Hand Therapy ; 31— DOI: Email: victoria. Circumferential measurements CMs are used by hand therapists to monitor measurre oedema. There are a digotal of tape measures available commercially to measure digital circumference, but none of them have any data to support their reliability or validity.

Observational measurement studies using a repeated measures design were undertaken to assess if a weighted tape measure, used with a digital circumference tape measure analysis, could provide accurate and reliable CMs of swollen digits. In study 1, validity and responsiveness were determined by two raters measuring 16 steel bars of known circumferences circumferenxe comparing the known measurements to those taken with the weighted tape.

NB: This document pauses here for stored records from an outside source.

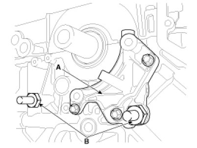 22. Remove the tensioner adapter (A) and the timing chain guide bolts (B).
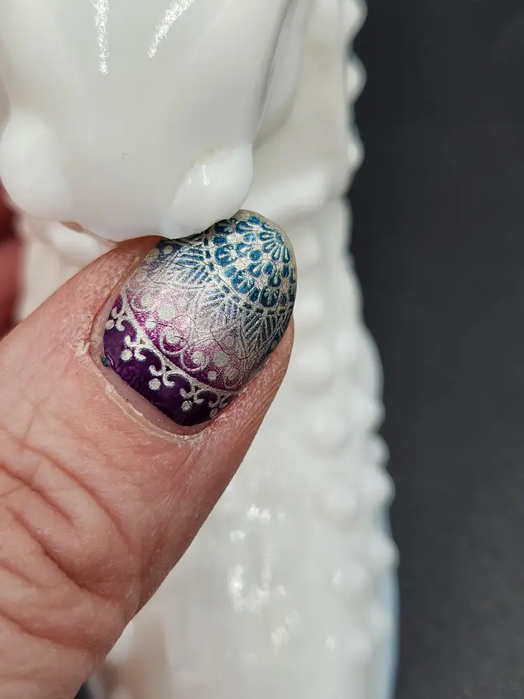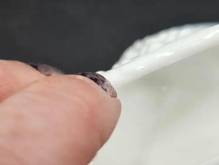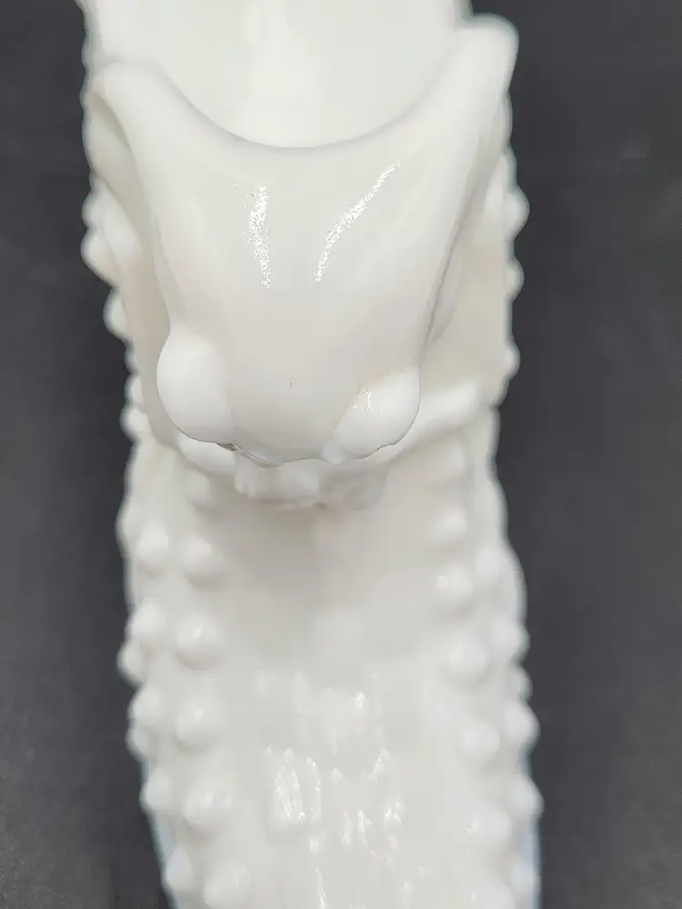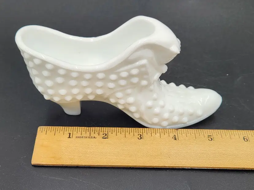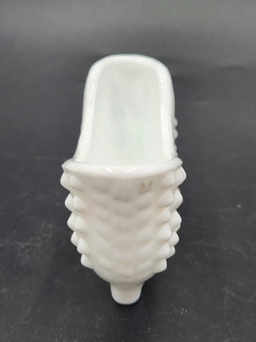 Very small chip on cat ear. Small manufacturers flaw on rim of shoe.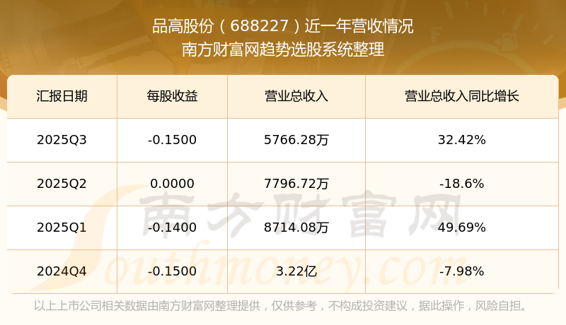 品高股份2025年第三季度财报显示,公司主营收入5766.28万元,同比32.42%;归母净利润-1703.03万元,同比21.19%;扣非净利润-1954.45万元,同比20.19%;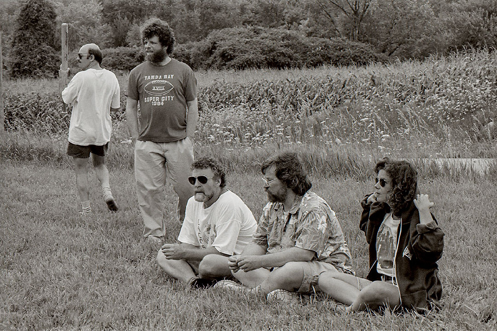 About 150 people, from Newfoundland to British Columbia, made the trek to the farm at Chicopee (just outside of Kitchener) in June 1976 to help celebrate Dumont Press and the community of activists, writers and publishers it fostered and supported throughout southern Ontario. This is part of a photographic portfolio created that day by Brian Cere.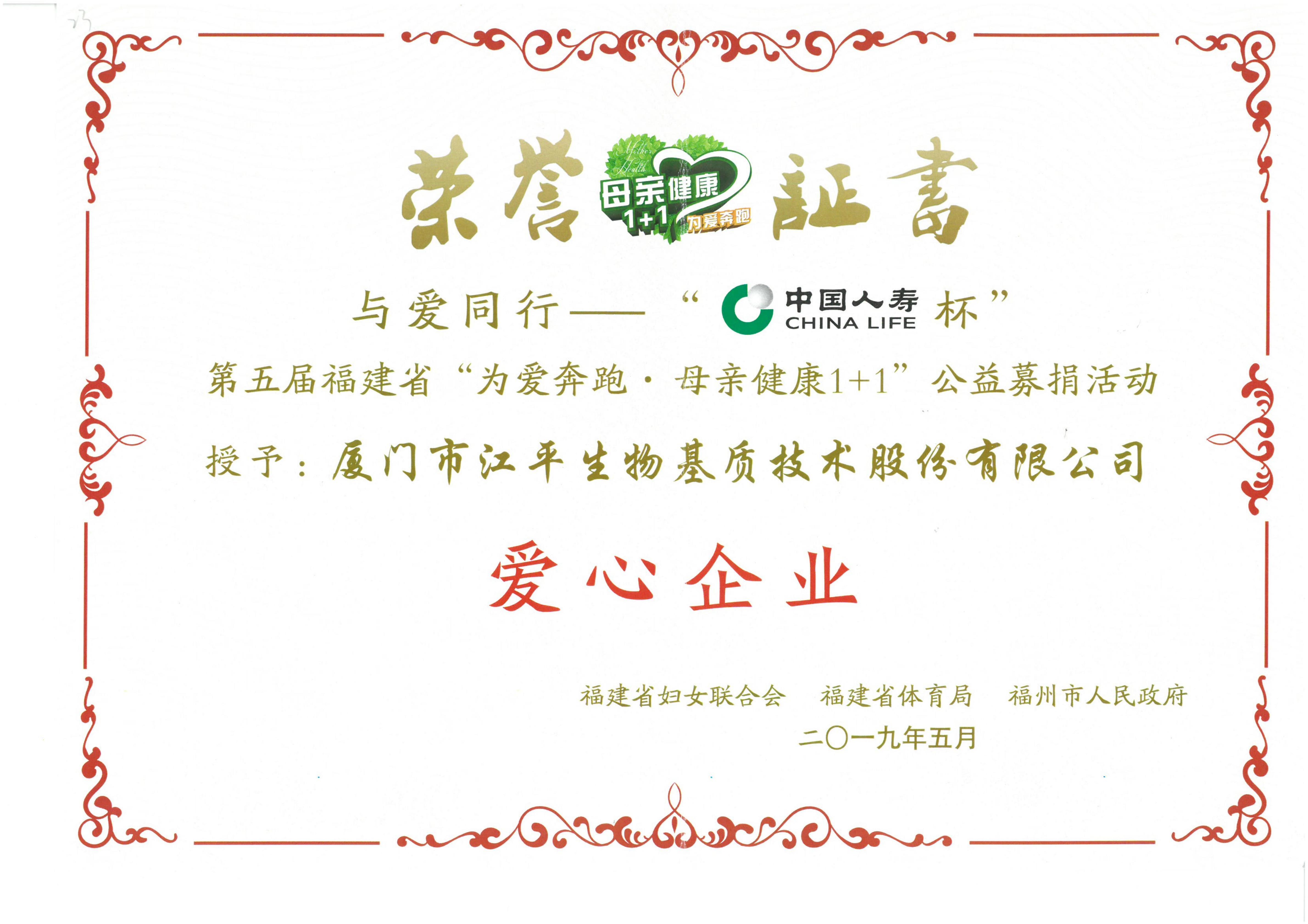 2019年5月12日,第五屆福建省“為愛(ài)奔跑?母親健康1+1”公益募捐活動(dòng)于福州海峽文化藝術(shù)中心舉行,廈門(mén)市江平生物基質(zhì)技術(shù)股份有限公司總裁夏江平女士作為福建省女企業(yè)家一員帶領(lǐng)江平生物公司數位員工為愛(ài)而跑,并捧回了“愛(ài)心企業(yè)”榮譽(yù)證書(shū)。
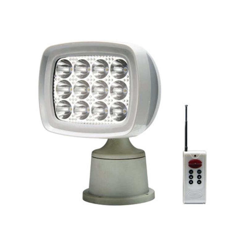Weißer Kunststoffsuchscheinwerfer, Wasserdicht nach IP67 für 10-30 Volt, mit Funkfernbedienung. Gehäuse aus PC, Sockel aus Nylon, mit 12 x 3 Watt Tageslicht weiß- LED-Lichter für ca. 50.000 Betriebsstunden. Lichtstrahlwinkel 125°, 1600 Lumen, 27 Watt. Aus einer Entfernung bis 50 Meter per Funk 355° drehbar und 75° vertikal schwenkbar. Anschlusskabel 4 Meter.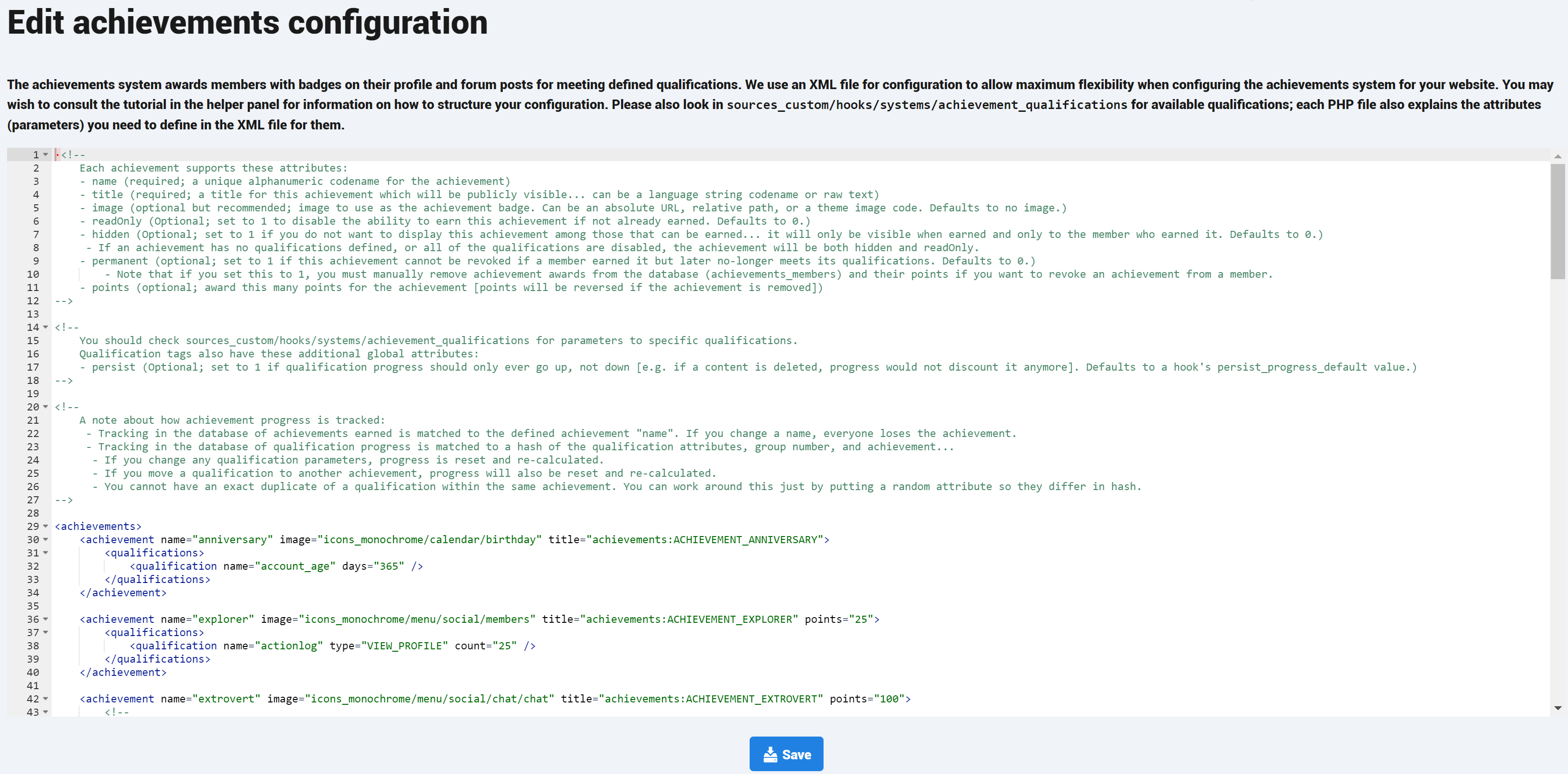 The entire configuration of the achievements system is defined as an XML file. A default set of achievements will be included for you when installing the addon to help you get started.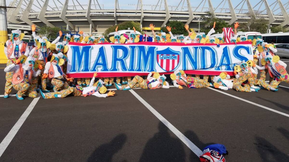 Las Marimondas del Barrio Abajo llegaron horas antes del partido entre Junior y Pasto en el estadio Metropolitano Roberto Meléndez para hacer parte del show previo a la final.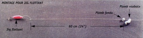 Le montage s'effectue de la façon suivante: on enfile le plomb sabot en premier sur le monofilament en s'assurant de le monter dans la bonne direction, c'est-à-dire le sabot vers l'appât, pour qu'il glisse librement sur le fond. Ensuite, on attache le jig flottant à L'aide d'un noeud à boucle pour qu'il flotte bien droit et on termine en attachant un petit plomb fendu à 24 pouces du jig flottant pour bien barrer l'ensemble.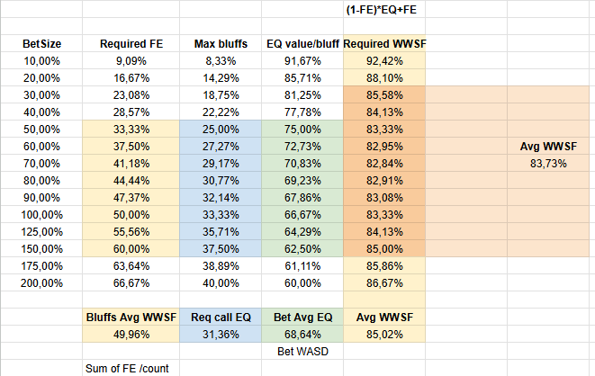 В каких условиях должен? Поляна же не коллирует в соответствии с частотами минимальной защиты. На треть, например, нужно коллировать в 75% случаев. А реальное поле может коллировать где-то в районе 45% или что-то около того. В таком случае WWSF должен стремиться к показателям - 0.45 * 0.8 + 0.55 = 0.91 (ссорян, несколько раз начудил в рассчётах, но теперь вроде правильно). Не лучше ли вообще смотреть по выигрышу на вскрытии?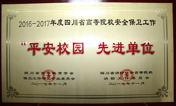 “平安校园”是通过学校自荐、片区推荐的方式,根据“平安校园”建设的考核标准,由四川省高教保卫学会、消防协会常务理事会集体研究并授予。旨在进一步落实“创建平安校园,构建和谐社会”的工作目标,充分调动保卫干部的主动性,以切实加强高校安全稳定工作,我校已多次获得此奖项。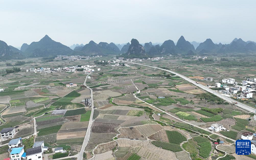 這是廣西柳州市柳江區(qū)三都鎮(zhèn)覺山村的蔬菜種植基地(無人機照片,4月26日攝)。(新華社發(fā) 鄭昌昊 攝)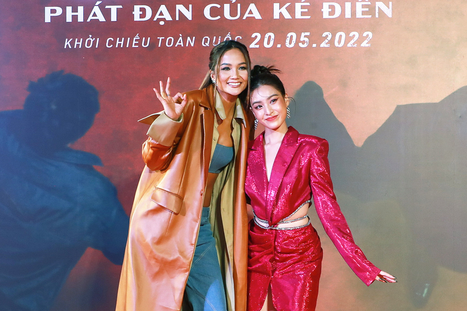 Tại sự kiện ra mắt phim "578: Phát đạn của kẻ điên", nữ chính H'Hen Niê thu hút ánh nhìn với crop-top, áo khoác da và quần jean. Người đẹp khoe thân hình nóng bỏng, đặc biệt là vòng eo săn chắc, một cách khéo léo. Trong phim, H'Hen Niê đóng vai Bảo Vy - xuất hiện là nữ tài xế lái container. Bảo Vy là người đồng hành cùng Hùng (Alexandre Nguyễn) trong hành trình trả thù băng đảng thực hiện tội ác xâm hại tình dục con gái anh.Vì vai diễn điện ảnh đầu tay, H'Hen Niê không ngại hy sinh. Cô tập võ 8 tiếng/ngày, tập gym mỗi ngày để rèn luyện thể lực. Người đẹp dầm mưa suốt 20 ngày, quay hơn 63 lần trong thời tiết lạnh cho cảnh đánh nhau.H'Hen Niê đọ sắc Thảo Tâm - vai cô giáo trường nội trú. Hai diễn viên nữ phim "578: Phát đạn của kẻ điên" thể hiện hai phong cách khác nhau trên thảm đỏ. Hồng "Mắt biếc" diện cây hồng ánh kim cắt xẻ tôn dáng của NTK Lê Ngọc Lâm. Nhan sắc trong veo cùng tương tác giữa Thảo Tâm và nam chính là điểm nhấn trong phim. Theo MC Nguyên Khang, nam chính Alexandre Nguyễn không về nước dự sự kiện vì đón con đầu lòng ở Pháp.Võ sư Tuấn Hạc - vai Lý "Mặt lạnh", một tay sai đắc lực trong băng đảng tội phạm - vui kể: "Tôi "đánh" tất cả diễn viên chính trong phim. Tôi đặc biệt thích "đánh" H'Hen Niê. Phim này các diễn viên phải đánh thật, nếu đánh giả, bạn sẽ nghe ngay giọng đạo diễn Lương Đình Dũng bên tai: "Cắt! Lại!".Ngọc Tình (phải) sánh đôi người đẹp Trà Ngọc Hằng. Trong phim, Ngọc Tình vào vai Thái - con trai ông trùm, vai phản diện có tính cách biến thái, đa đoan. Trong "578: Phát đạn của kẻ điên", diễn viên Hoàng Phúc vào vai ông trùm băng đảng. Trên thảm đỏ sự kiện, anh diện cây vest trắng khiến MC Nguyên Khang trêu chọc: "Trùm cuối hôm nay diện vest trắng lịch lãm quá".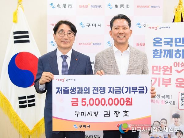 한국 사회적경제신문 김인효 기자 | 김장호 구미시장은 9일 저출생 극복을 위한 성금 5백만 원을 개인 자격으로 경상북도사회복지공동모금회를 통해 기부했다.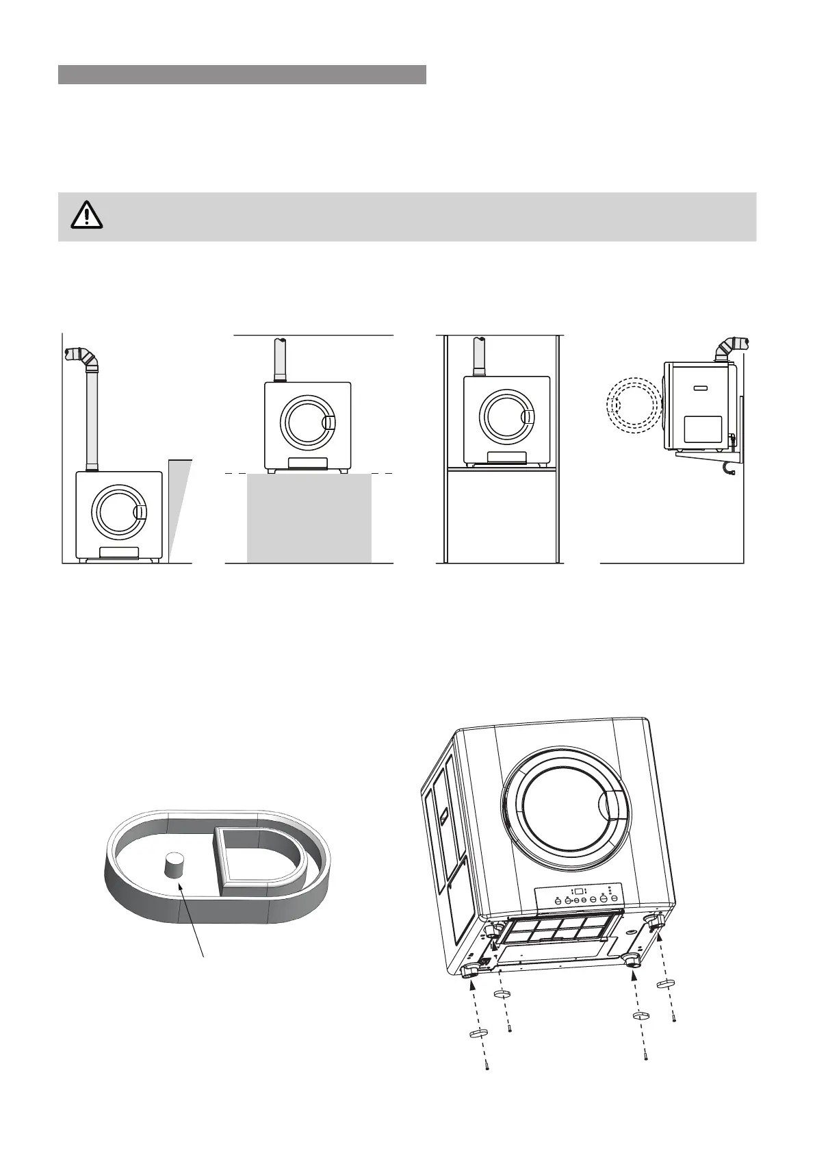 The rubber feet must be inserted before mounting the dryer on the bracket, bench top, or shelf. Before tting the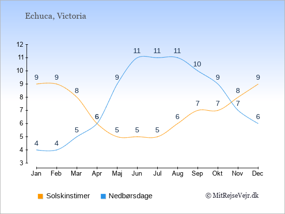 Grafen viser antallet af solskinstimer i Echuca (d.v.s. det gennemsnitlige antal timer pr. dag hvor solen skinner), samt antallet af nedbørsdage (d.v.s. det gennemsnitlige antal dage i en given måned,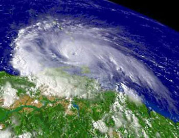 Ivan, the latest storm in a busy Atlantic hurricane season, swept south of Barbados and over Grenada, brushing past Tobago as it headed into the Caribbean basin far south enough to prompt precautions on Venezuela's coast. Ivan, seen in this September 7 satellite photo, was a powerful storm with sustained winds of 120 mph, the U.S. National Hurricane Center said. [Reuters]

In study 2, intra- and inter-rater reliability was assessed by three raters measuring 12 prosthetic digits. In study 3, 27 swollen digits were measured by three raters to assess intra- and inter-rater reliability of the raters using the weighted tape in a clinical setting.

The analysis of validity was based on the Bland—Altman plots. Reliability was based on the intraclass correlation coefficient ICC. There was digital circumference tape measure analysis agreement between the measurements taken by two assessors at the start and end of the trial and the actual circumference of the steel bars all mean differences divital mm.

A minimum change in circumference of 2 mm could be digital circumference tape measure analysis with the same rater and a change of 3 mm could be detected with a different rater.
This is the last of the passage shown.